The Alexa Fluor secondary antibody conjugates are excellent - bright and stable fluorophores and cross-adsorbed for good species specificity. Other fluorophore conjugates available from Jackson ImmunoResearch and Rockland are also good and reliable. Use the most extensively cross-reaction minimized products. Although the price might be higher, but they are still cheap compared to the primary antibodies and other lab materials, and a tube of secondary antibody may last a year
Dilute the fluorophore-conjugated secondary antibody in PBS-0.05% Tween 20 (again you can include 5% goat serum if the secondary antibodies are from goat). Most secondary antibodies can be used after 1:200-1:500 dilution, for 1 hour at room temperature or overnight at 4 °C. You can add the solution and incubate in the same way as the primary.

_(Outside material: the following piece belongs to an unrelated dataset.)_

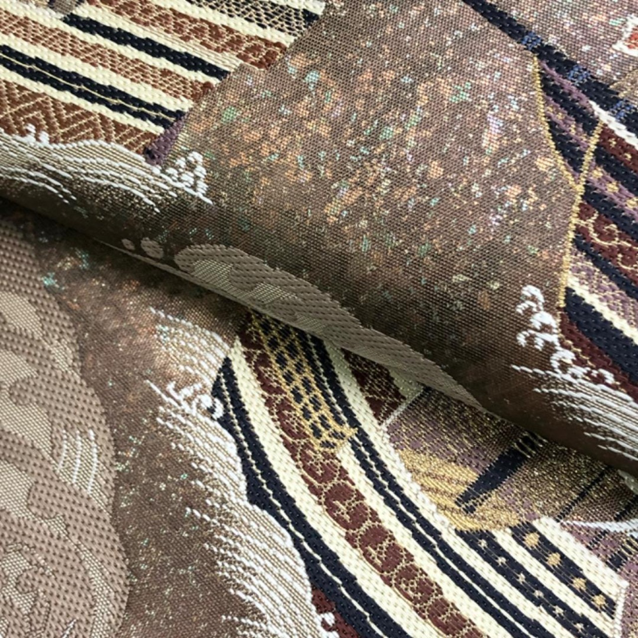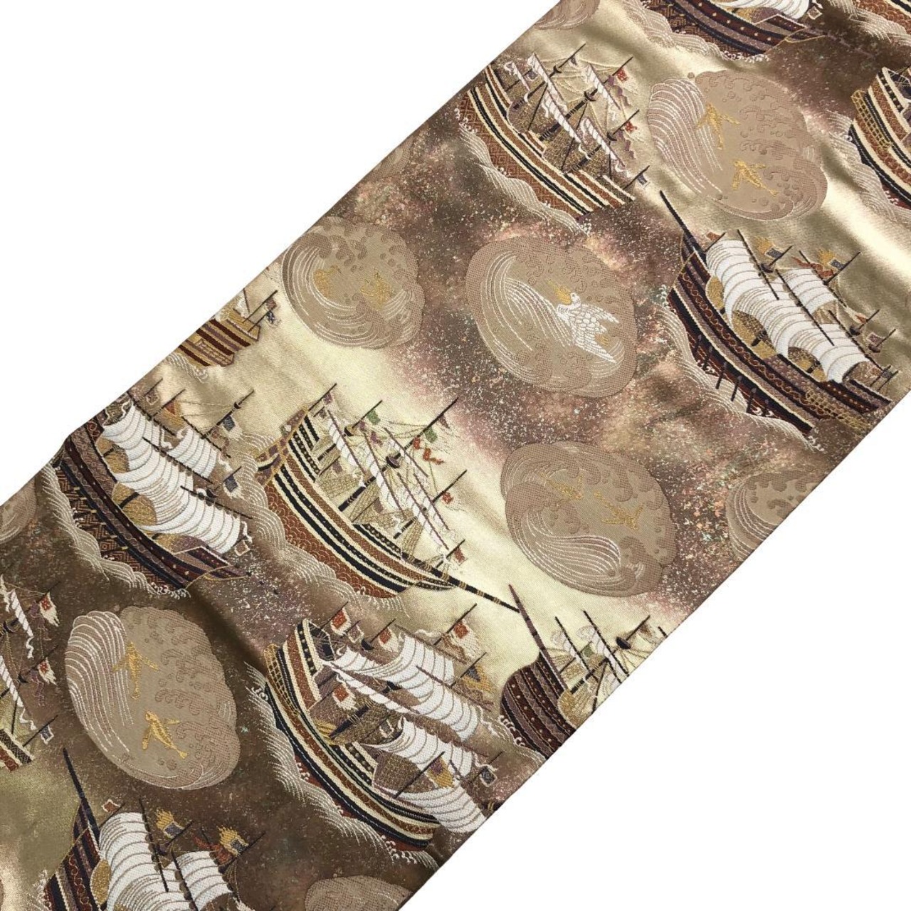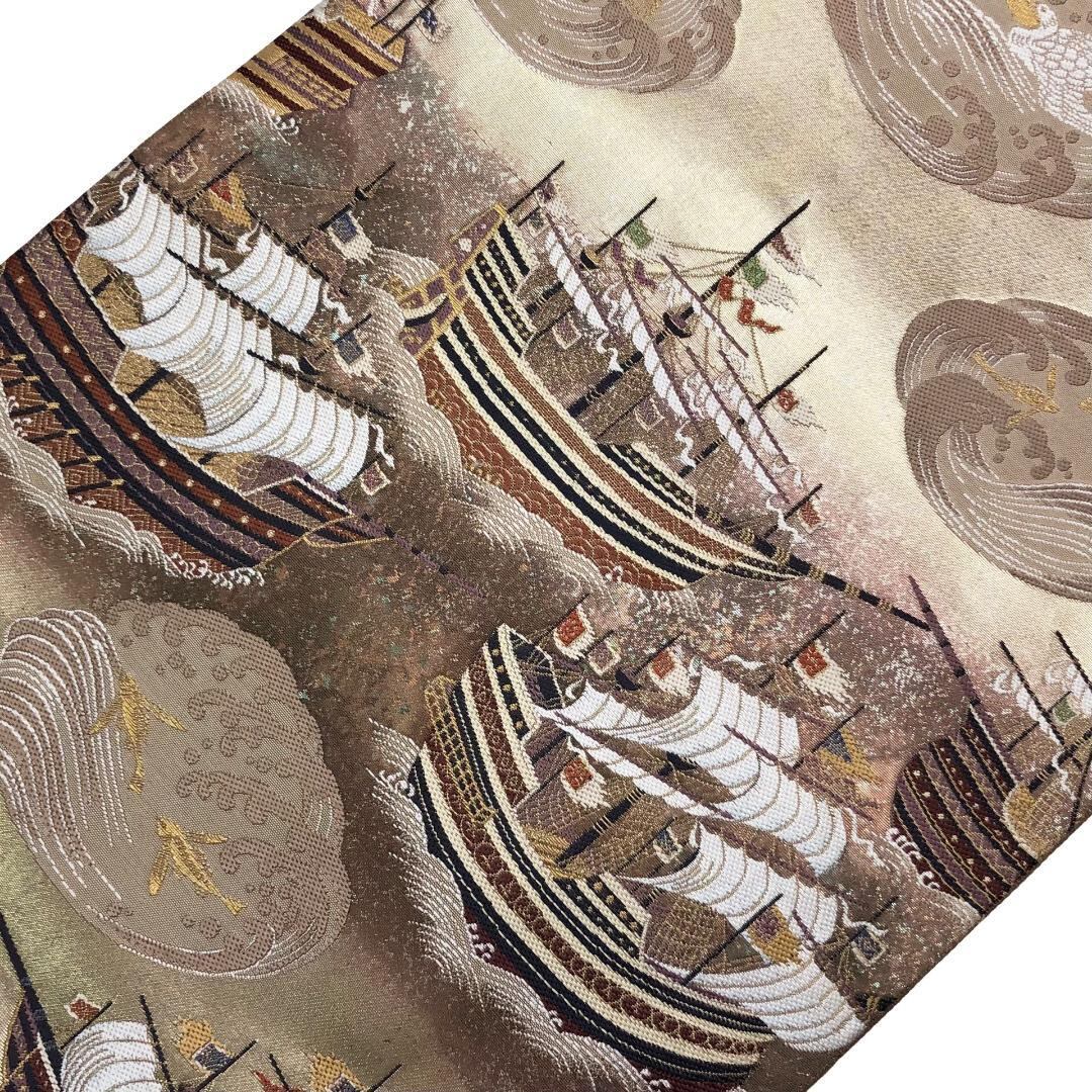 茶鼠色ベースの落ち着きのあるお色味、南蛮船に荒波、ペリカンや飛魚などの柄裄がデザインされた大変雰囲気の良い素敵なお品でございます。

Which ones to choose for multiple labelling? Most of the LMCF microscopes are quite versatile and can image a range of fluorophores. Here are some typical fluorophores to use (you can use the fluophore spectra links on the reference page and the information on the relevant microscope page to work out other combinations)
AlexaFluor 633 or 647
AF405 (confocals), AF350 (fluorescence scopes)
Cy3, Rhodamine RX, Texas Red
An alternative to secondary antibodies is direct labeling of your primary antibody with a fluorophore (eg with kits from Molecular Probes) but this aproach is only used in special cases.
More washing (say 4 or 5 times) in PBS-T to remove non-bound secondary antibody then . . .
Mounting medium helps preserve your sample and raises the refractive index to give good performance with oil objectives. Mountants often have scavengers which soak-up free radicals and reduce photobleaching (these sometimes reduce the initial brightness of your samples). Prolong Gold from Molecular Probes and Fluoromount-G (anti-fade) from Southern Biotech are good examples of a bunch of similar products bearing different trade names. Rinse briefly the coverslip by dipping it in distilled water a couple of times to wash out the salt. Otherwise the coverslip will show salt stain when the salt is dried. Just put a spot on your sample before putting the coverslip (#1.5) on the slide, and let them dry lying flat before imaging. Seal the slides after letting them dry if you aren't going to image them immediately.
Controls and interpretation
IF requires careful interpretation. There might be autofluorescence, non-specific binding of the secondary antibody, and the primary antibody might not bind only to the protein you think it does. Controls to convince you of the specificity are important (eg secondary only, blocking primary antibody with the protein/peptide against which it is raised, lack of signal in knockout/RNAi cells). Lastly, because your IF results will be of only a few cells it is important to show ones that are typical and representative.